Materials provided:
────────

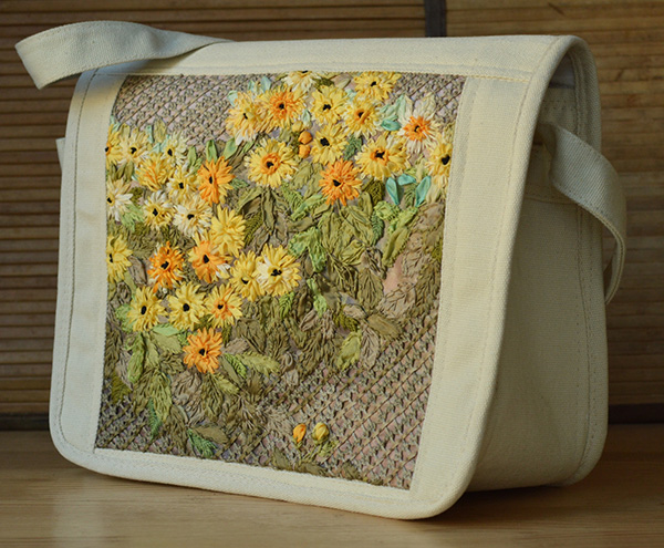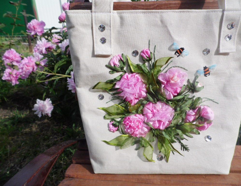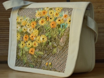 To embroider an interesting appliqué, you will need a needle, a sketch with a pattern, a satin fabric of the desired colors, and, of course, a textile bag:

────────

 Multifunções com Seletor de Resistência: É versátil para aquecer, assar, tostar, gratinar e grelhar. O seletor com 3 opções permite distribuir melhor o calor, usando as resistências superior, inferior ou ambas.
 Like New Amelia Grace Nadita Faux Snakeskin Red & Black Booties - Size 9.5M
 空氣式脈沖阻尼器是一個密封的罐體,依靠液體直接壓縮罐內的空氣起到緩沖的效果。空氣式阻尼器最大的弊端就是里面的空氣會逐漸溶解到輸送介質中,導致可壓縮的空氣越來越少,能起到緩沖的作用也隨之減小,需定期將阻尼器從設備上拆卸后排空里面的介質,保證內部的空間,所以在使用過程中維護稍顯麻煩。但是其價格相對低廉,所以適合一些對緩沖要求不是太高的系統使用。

────────

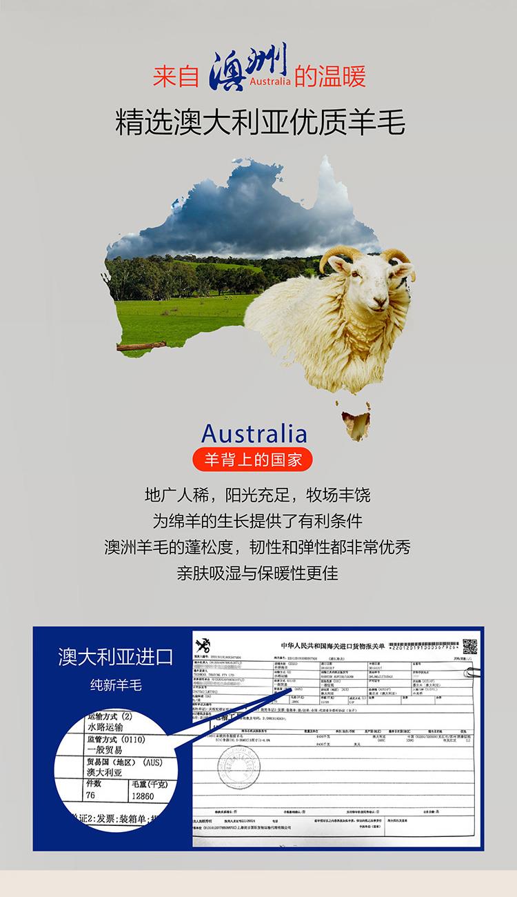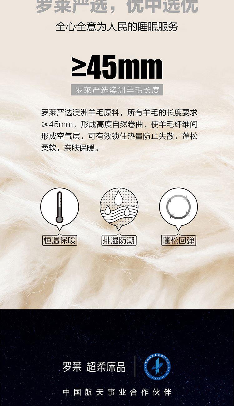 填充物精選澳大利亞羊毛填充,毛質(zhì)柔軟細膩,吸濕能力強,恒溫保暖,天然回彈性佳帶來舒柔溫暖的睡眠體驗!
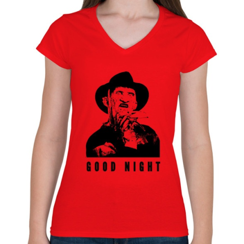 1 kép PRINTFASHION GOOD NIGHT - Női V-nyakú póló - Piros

────────

Try it: What is needed is an exact copy of the lines above, from the one containing "Multifunções com Seletor" through the one containing "空氣式脈沖阻尼器是一個密封的", with nothing added.

Answer space:
 Multifunções com Seletor de Resistência: É versátil para aquecer, assar, tostar, gratinar e grelhar. O seletor com 3 opções permite distribuir melhor o calor, usando as resistências superior, inferior ou ambas.
 Like New Amelia Grace Nadita Faux Snakeskin Red & Black Booties - Size 9.5M
 空氣式脈沖阻尼器是一個密封的罐體,依靠液體直接壓縮罐內的空氣起到緩沖的效果。空氣式阻尼器最大的弊端就是里面的空氣會逐漸溶解到輸送介質中,導致可壓縮的空氣越來越少,能起到緩沖的作用也隨之減小,需定期將阻尼器從設備上拆卸后排空里面的介質,保證內部的空間,所以在使用過程中維護稍顯麻煩。但是其價格相對低廉,所以適合一些對緩沖要求不是太高的系統使用。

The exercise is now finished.